[Items listed in a dataset]
________

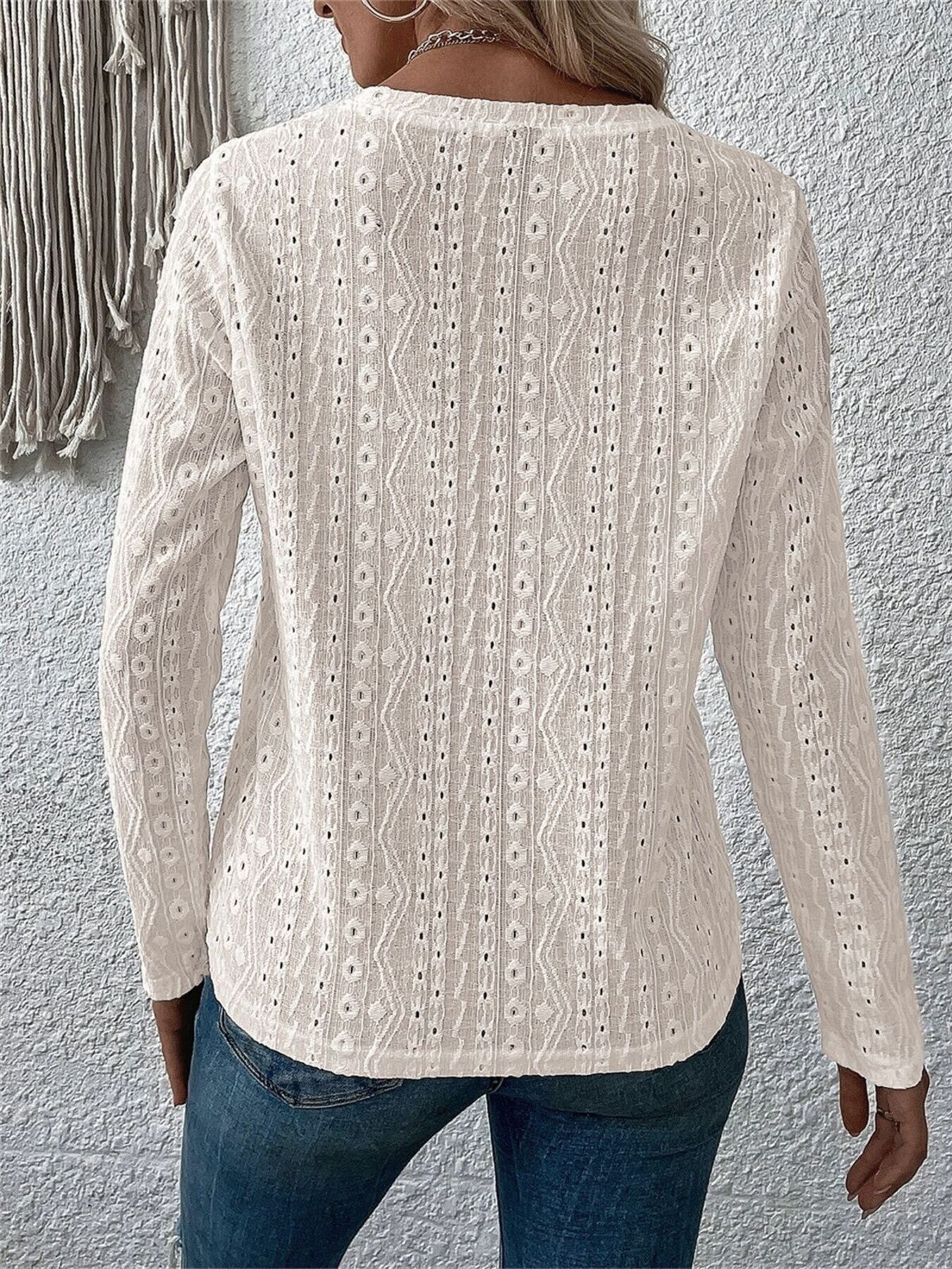 Full Size Eyelet Round Neck Long Sleeve Blouse Plus Size
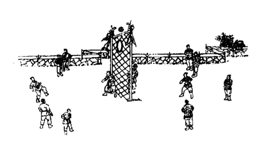 “植两修竹,高数丈,络网于上,为门以度球,球工分左右朋,以角胜负否。”
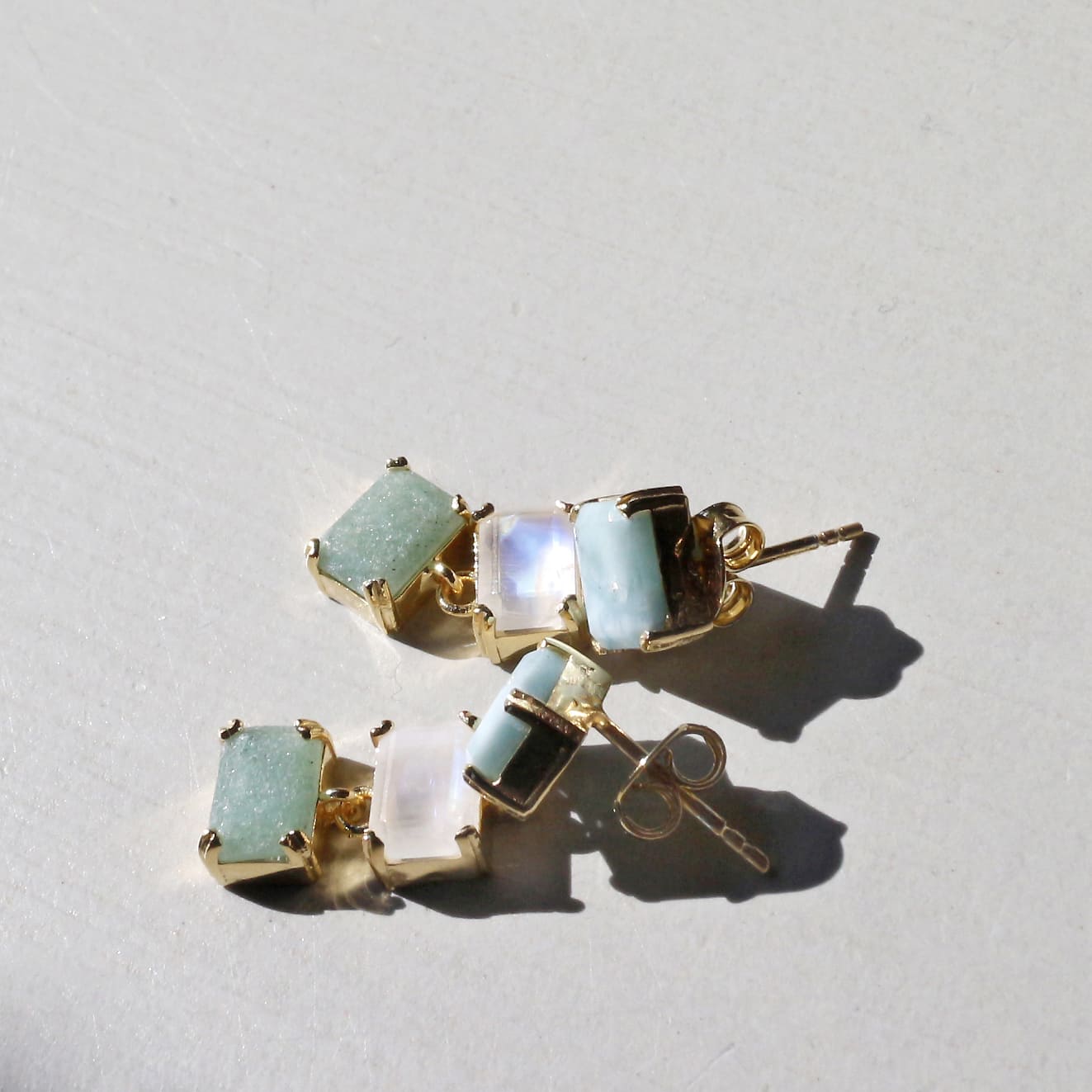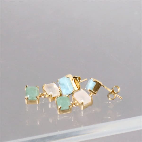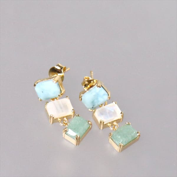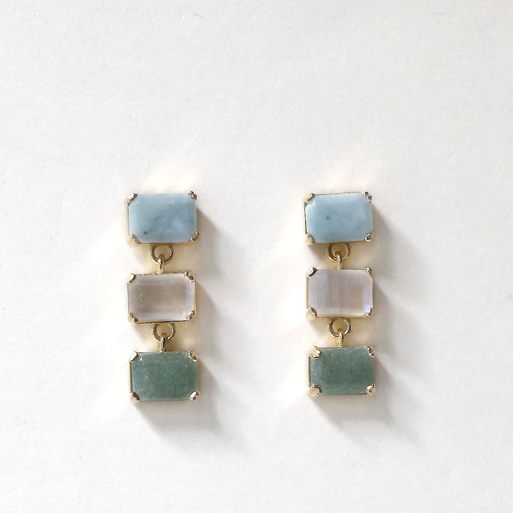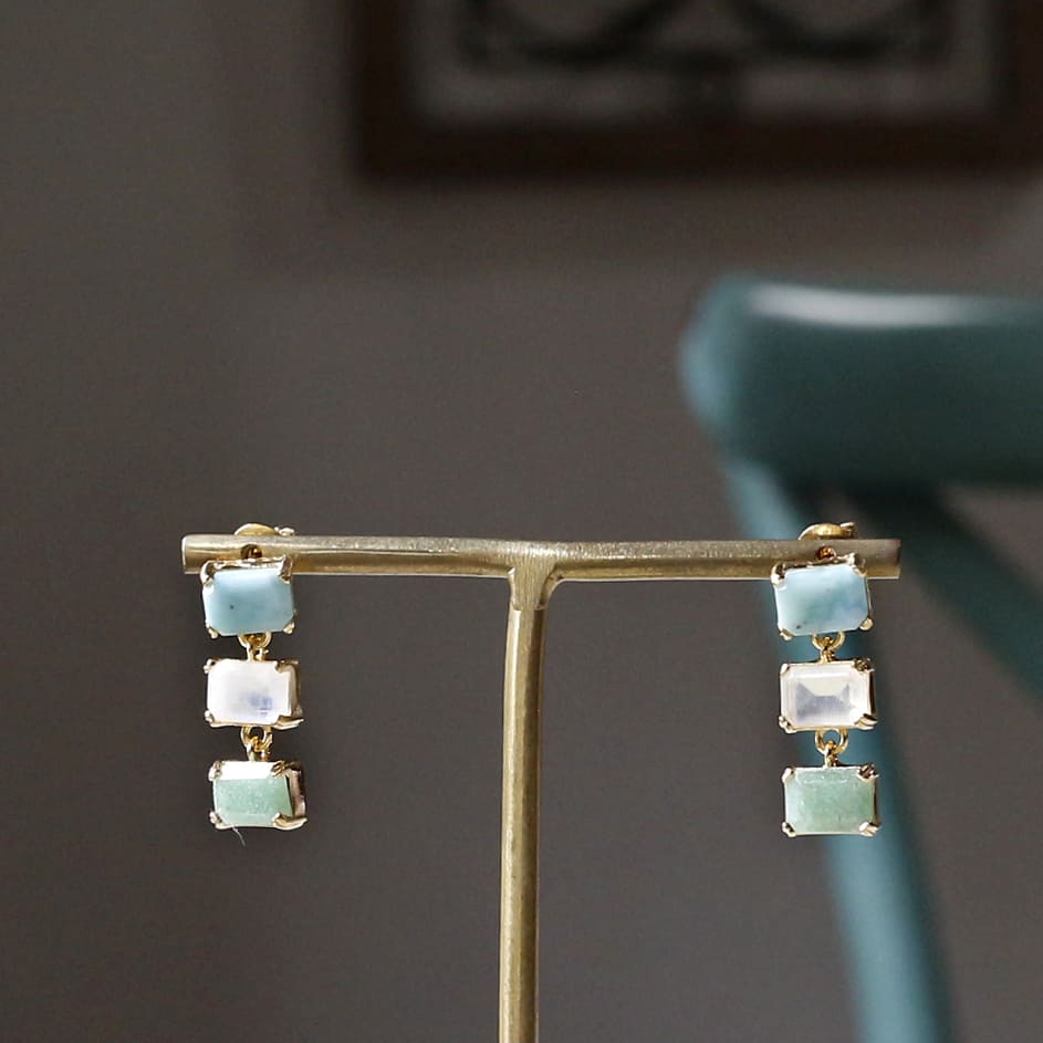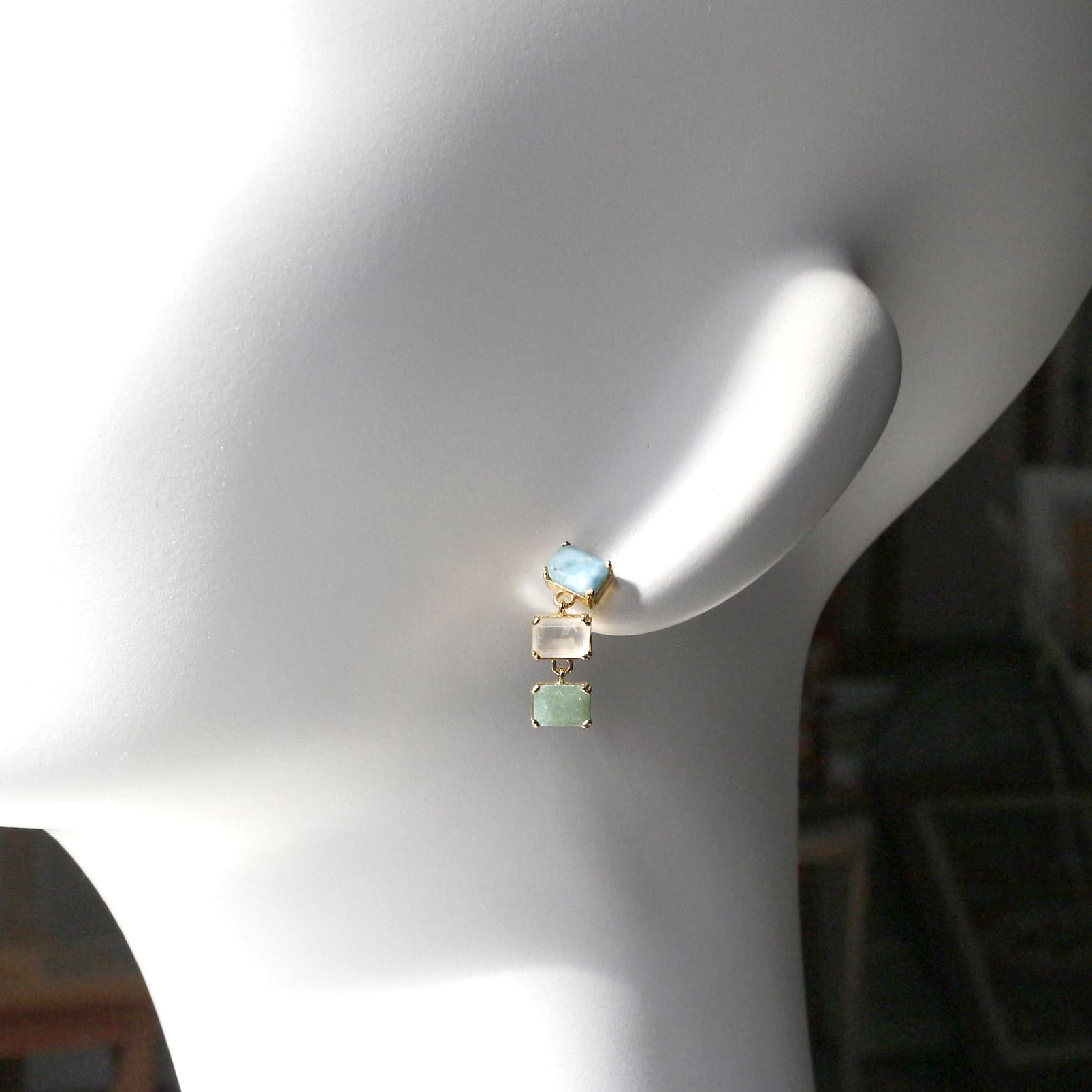 ラリマー×レインボームーンストーン×グリーンアベンチュリン 三つのストーンのピアス 18KGF 天然石 シルバーピアス
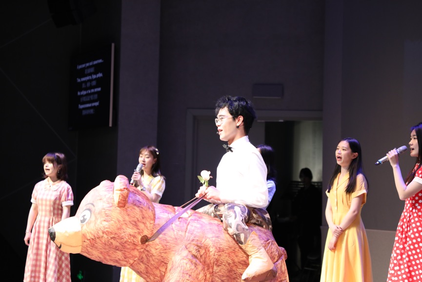 文化节后,百周年纪念讲堂内精彩继续。李莹厅中,精心准备的节目悉数亮场,同学们一展歌喉。光彩夺目的舞台上,有热情动感的韩国流行舞蹈,也有浪漫缠绵的法语独唱,有激情澎湃的德语版《国际歌》,也有悠扬嘹亮的《莫斯科郊外的晚上》俄语合奏,场下观众也在优美的歌声和旋律之中感受不同语言的艺术之美。
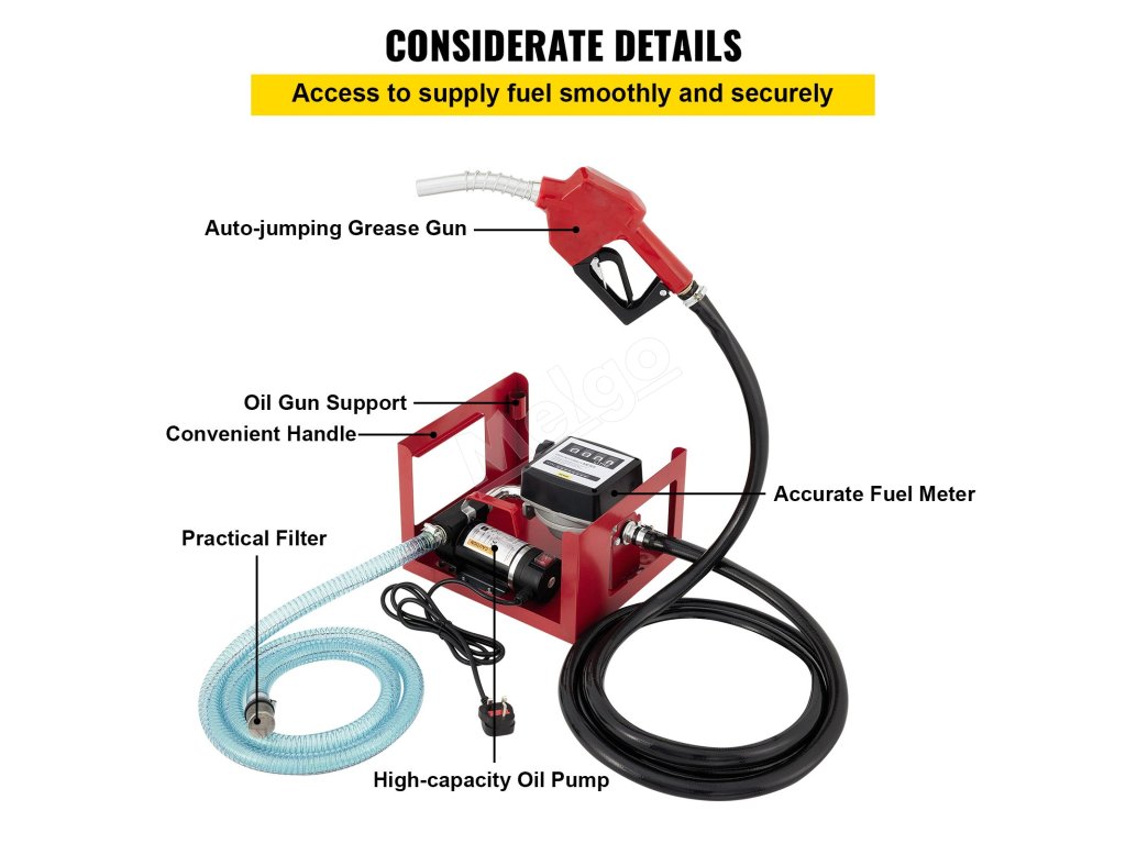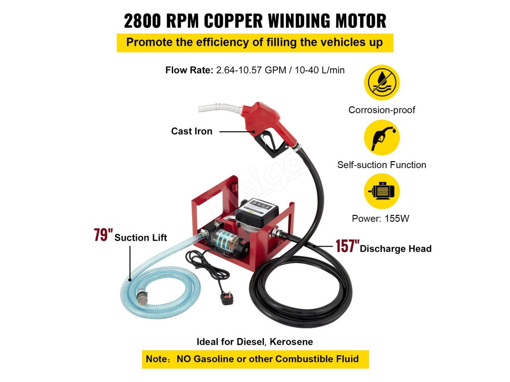 Naftové čerpadlo dokáže prečerpávať až 2,64-10,57 GPM s týmto 155W 220V medeným motorom. 2800 otáčok za minútu dokáže zabezpečiť, že toto čerpadlo bude efektívne prečerpávať palivo kamkoľvek budete chcieť.

________

Exercise instructions: Please write out, exactly, every line from the line with "ラリマー×レインボームーンストーン×グリーンアベンチュリン 三つのストーンのピアス 18KGF" through the final line of the data above, leaving out pictures.

Solution for this task:
 ラリマー×レインボームーンストーン×グリーンアベンチュリン 三つのストーンのピアス 18KGF 天然石 シルバーピアス
 文化节后,百周年纪念讲堂内精彩继续。李莹厅中,精心准备的节目悉数亮场,同学们一展歌喉。光彩夺目的舞台上,有热情动感的韩国流行舞蹈,也有浪漫缠绵的法语独唱,有激情澎湃的德语版《国际歌》,也有悠扬嘹亮的《莫斯科郊外的晚上》俄语合奏,场下观众也在优美的歌声和旋律之中感受不同语言的艺术之美。
 Naftové čerpadlo dokáže prečerpávať až 2,64-10,57 GPM s týmto 155W 220V medeným motorom. 2800 otáčok za minútu dokáže zabezpečiť, že toto čerpadlo bude efektívne prečerpávať palivo kamkoľvek budete chcieť.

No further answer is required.